Data to use:
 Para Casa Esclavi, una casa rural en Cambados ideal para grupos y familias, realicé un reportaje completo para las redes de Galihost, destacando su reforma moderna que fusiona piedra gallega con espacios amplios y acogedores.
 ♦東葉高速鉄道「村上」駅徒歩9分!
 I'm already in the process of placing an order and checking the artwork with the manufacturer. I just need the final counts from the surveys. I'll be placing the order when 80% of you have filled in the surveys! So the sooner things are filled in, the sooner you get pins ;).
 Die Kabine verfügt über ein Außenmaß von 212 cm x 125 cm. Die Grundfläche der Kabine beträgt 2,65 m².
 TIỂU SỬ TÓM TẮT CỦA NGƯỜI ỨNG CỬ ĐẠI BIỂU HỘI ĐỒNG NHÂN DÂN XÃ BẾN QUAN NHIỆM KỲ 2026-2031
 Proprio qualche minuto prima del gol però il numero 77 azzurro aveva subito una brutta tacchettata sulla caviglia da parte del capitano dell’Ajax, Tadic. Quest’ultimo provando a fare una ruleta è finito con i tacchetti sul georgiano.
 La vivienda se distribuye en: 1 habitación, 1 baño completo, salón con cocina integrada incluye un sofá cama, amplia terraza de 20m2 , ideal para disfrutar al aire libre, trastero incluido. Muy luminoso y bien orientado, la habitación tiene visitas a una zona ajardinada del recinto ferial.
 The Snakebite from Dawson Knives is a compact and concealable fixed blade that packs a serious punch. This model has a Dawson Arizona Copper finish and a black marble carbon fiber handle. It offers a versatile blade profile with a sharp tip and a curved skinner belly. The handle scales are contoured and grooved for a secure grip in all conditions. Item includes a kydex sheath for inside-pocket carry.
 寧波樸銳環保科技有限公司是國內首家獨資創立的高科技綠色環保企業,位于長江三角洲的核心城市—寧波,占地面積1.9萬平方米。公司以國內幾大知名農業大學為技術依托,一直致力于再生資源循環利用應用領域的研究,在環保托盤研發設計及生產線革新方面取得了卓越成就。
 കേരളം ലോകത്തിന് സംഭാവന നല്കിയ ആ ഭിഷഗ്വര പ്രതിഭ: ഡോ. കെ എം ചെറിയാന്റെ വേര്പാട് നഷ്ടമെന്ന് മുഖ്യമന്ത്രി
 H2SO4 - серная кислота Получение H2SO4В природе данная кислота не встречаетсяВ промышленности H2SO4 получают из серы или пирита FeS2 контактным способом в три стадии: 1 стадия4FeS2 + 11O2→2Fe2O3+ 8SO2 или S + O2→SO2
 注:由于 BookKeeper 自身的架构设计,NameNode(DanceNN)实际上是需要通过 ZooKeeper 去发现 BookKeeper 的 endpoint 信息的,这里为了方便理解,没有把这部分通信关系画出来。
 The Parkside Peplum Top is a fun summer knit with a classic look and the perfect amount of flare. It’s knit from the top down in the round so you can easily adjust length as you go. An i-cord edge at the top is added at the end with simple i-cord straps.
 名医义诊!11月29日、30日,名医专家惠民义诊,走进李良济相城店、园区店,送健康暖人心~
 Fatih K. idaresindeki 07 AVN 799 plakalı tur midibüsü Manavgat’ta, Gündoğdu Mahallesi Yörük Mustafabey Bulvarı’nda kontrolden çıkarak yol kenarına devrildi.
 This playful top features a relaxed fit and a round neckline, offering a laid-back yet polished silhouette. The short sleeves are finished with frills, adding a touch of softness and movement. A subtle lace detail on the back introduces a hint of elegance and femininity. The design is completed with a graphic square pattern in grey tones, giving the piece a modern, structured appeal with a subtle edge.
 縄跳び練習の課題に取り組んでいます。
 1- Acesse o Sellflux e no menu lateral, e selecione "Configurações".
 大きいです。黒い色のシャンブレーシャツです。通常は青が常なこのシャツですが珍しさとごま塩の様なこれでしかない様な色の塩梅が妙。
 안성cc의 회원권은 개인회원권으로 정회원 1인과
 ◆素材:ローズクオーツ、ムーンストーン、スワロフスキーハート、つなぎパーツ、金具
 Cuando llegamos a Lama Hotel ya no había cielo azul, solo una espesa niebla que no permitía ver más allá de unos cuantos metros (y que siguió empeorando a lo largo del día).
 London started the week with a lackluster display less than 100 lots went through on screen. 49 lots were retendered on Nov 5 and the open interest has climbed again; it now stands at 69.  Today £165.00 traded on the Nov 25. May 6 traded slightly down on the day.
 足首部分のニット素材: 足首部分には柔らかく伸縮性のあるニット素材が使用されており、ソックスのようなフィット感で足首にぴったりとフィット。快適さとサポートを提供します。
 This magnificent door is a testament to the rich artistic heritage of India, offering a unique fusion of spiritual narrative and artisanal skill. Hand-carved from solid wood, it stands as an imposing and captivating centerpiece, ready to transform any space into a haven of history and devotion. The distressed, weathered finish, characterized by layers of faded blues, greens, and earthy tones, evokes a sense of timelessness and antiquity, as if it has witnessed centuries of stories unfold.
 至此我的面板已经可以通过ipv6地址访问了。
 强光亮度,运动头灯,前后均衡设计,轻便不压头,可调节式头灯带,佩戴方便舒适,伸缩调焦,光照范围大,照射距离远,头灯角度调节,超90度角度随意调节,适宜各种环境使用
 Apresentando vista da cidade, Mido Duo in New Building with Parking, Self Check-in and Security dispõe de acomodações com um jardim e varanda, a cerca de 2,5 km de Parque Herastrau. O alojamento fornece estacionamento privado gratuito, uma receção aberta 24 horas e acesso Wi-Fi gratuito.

Activity:
Return every line of the material above exactly.

Answer area:
 Para Casa Esclavi, una casa rural en Cambados ideal para grupos y familias, realicé un reportaje completo para las redes de Galihost, destacando su reforma moderna que fusiona piedra gallega con espacios amplios y acogedores.
 ♦東葉高速鉄道「村上」駅徒歩9分!
 I'm already in the process of placing an order and checking the artwork with the manufacturer. I just need the final counts from the surveys. I'll be placing the order when 80% of you have filled in the surveys! So the sooner things are filled in, the sooner you get pins ;).
 Die Kabine verfügt über ein Außenmaß von 212 cm x 125 cm. Die Grundfläche der Kabine beträgt 2,65 m².
 TIỂU SỬ TÓM TẮT CỦA NGƯỜI ỨNG CỬ ĐẠI BIỂU HỘI ĐỒNG NHÂN DÂN XÃ BẾN QUAN NHIỆM KỲ 2026-2031
 Proprio qualche minuto prima del gol però il numero 77 azzurro aveva subito una brutta tacchettata sulla caviglia da parte del capitano dell’Ajax, Tadic. Quest’ultimo provando a fare una ruleta è finito con i tacchetti sul georgiano.
 La vivienda se distribuye en: 1 habitación, 1 baño completo, salón con cocina integrada incluye un sofá cama, amplia terraza de 20m2 , ideal para disfrutar al aire libre, trastero incluido. Muy luminoso y bien orientado, la habitación tiene visitas a una zona ajardinada del recinto ferial.
 The Snakebite from Dawson Knives is a compact and concealable fixed blade that packs a serious punch. This model has a Dawson Arizona Copper finish and a black marble carbon fiber handle. It offers a versatile blade profile with a sharp tip and a curved skinner belly. The handle scales are contoured and grooved for a secure grip in all conditions. Item includes a kydex sheath for inside-pocket carry.
 寧波樸銳環保科技有限公司是國內首家獨資創立的高科技綠色環保企業,位于長江三角洲的核心城市—寧波,占地面積1.9萬平方米。公司以國內幾大知名農業大學為技術依托,一直致力于再生資源循環利用應用領域的研究,在環保托盤研發設計及生產線革新方面取得了卓越成就。
 കേരളം ലോകത്തിന് സംഭാവന നല്കിയ ആ ഭിഷഗ്വര പ്രതിഭ: ഡോ. കെ എം ചെറിയാന്റെ വേര്പാട് നഷ്ടമെന്ന് മുഖ്യമന്ത്രി
 H2SO4 - серная кислота Получение H2SO4В природе данная кислота не встречаетсяВ промышленности H2SO4 получают из серы или пирита FeS2 контактным способом в три стадии: 1 стадия4FeS2 + 11O2→2Fe2O3+ 8SO2 или S + O2→SO2
 注:由于 BookKeeper 自身的架构设计,NameNode(DanceNN)实际上是需要通过 ZooKeeper 去发现 BookKeeper 的 endpoint 信息的,这里为了方便理解,没有把这部分通信关系画出来。
 The Parkside Peplum Top is a fun summer knit with a classic look and the perfect amount of flare. It’s knit from the top down in the round so you can easily adjust length as you go. An i-cord edge at the top is added at the end with simple i-cord straps.
 名医义诊!11月29日、30日,名医专家惠民义诊,走进李良济相城店、园区店,送健康暖人心~
 Fatih K. idaresindeki 07 AVN 799 plakalı tur midibüsü Manavgat’ta, Gündoğdu Mahallesi Yörük Mustafabey Bulvarı’nda kontrolden çıkarak yol kenarına devrildi.
 This playful top features a relaxed fit and a round neckline, offering a laid-back yet polished silhouette. The short sleeves are finished with frills, adding a touch of softness and movement. A subtle lace detail on the back introduces a hint of elegance and femininity. The design is completed with a graphic square pattern in grey tones, giving the piece a modern, structured appeal with a subtle edge.
 縄跳び練習の課題に取り組んでいます。
 1- Acesse o Sellflux e no menu lateral, e selecione "Configurações".
 大きいです。黒い色のシャンブレーシャツです。通常は青が常なこのシャツですが珍しさとごま塩の様なこれでしかない様な色の塩梅が妙。
 안성cc의 회원권은 개인회원권으로 정회원 1인과
 ◆素材:ローズクオーツ、ムーンストーン、スワロフスキーハート、つなぎパーツ、金具
 Cuando llegamos a Lama Hotel ya no había cielo azul, solo una espesa niebla que no permitía ver más allá de unos cuantos metros (y que siguió empeorando a lo largo del día).
 London started the week with a lackluster display less than 100 lots went through on screen. 49 lots were retendered on Nov 5 and the open interest has climbed again; it now stands at 69.  Today £165.00 traded on the Nov 25. May 6 traded slightly down on the day.
 足首部分のニット素材: 足首部分には柔らかく伸縮性のあるニット素材が使用されており、ソックスのようなフィット感で足首にぴったりとフィット。快適さとサポートを提供します。
 This magnificent door is a testament to the rich artistic heritage of India, offering a unique fusion of spiritual narrative and artisanal skill. Hand-carved from solid wood, it stands as an imposing and captivating centerpiece, ready to transform any space into a haven of history and devotion. The distressed, weathered finish, characterized by layers of faded blues, greens, and earthy tones, evokes a sense of timelessness and antiquity, as if it has witnessed centuries of stories unfold.
 至此我的面板已经可以通过ipv6地址访问了。
 强光亮度,运动头灯,前后均衡设计,轻便不压头,可调节式头灯带,佩戴方便舒适,伸缩调焦,光照范围大,照射距离远,头灯角度调节,超90度角度随意调节,适宜各种环境使用
 Apresentando vista da cidade, Mido Duo in New Building with Parking, Self Check-in and Security dispõe de acomodações com um jardim e varanda, a cerca de 2,5 km de Parque Herastrau. O alojamento fornece estacionamento privado gratuito, uma receção aberta 24 horas e acesso Wi-Fi gratuito.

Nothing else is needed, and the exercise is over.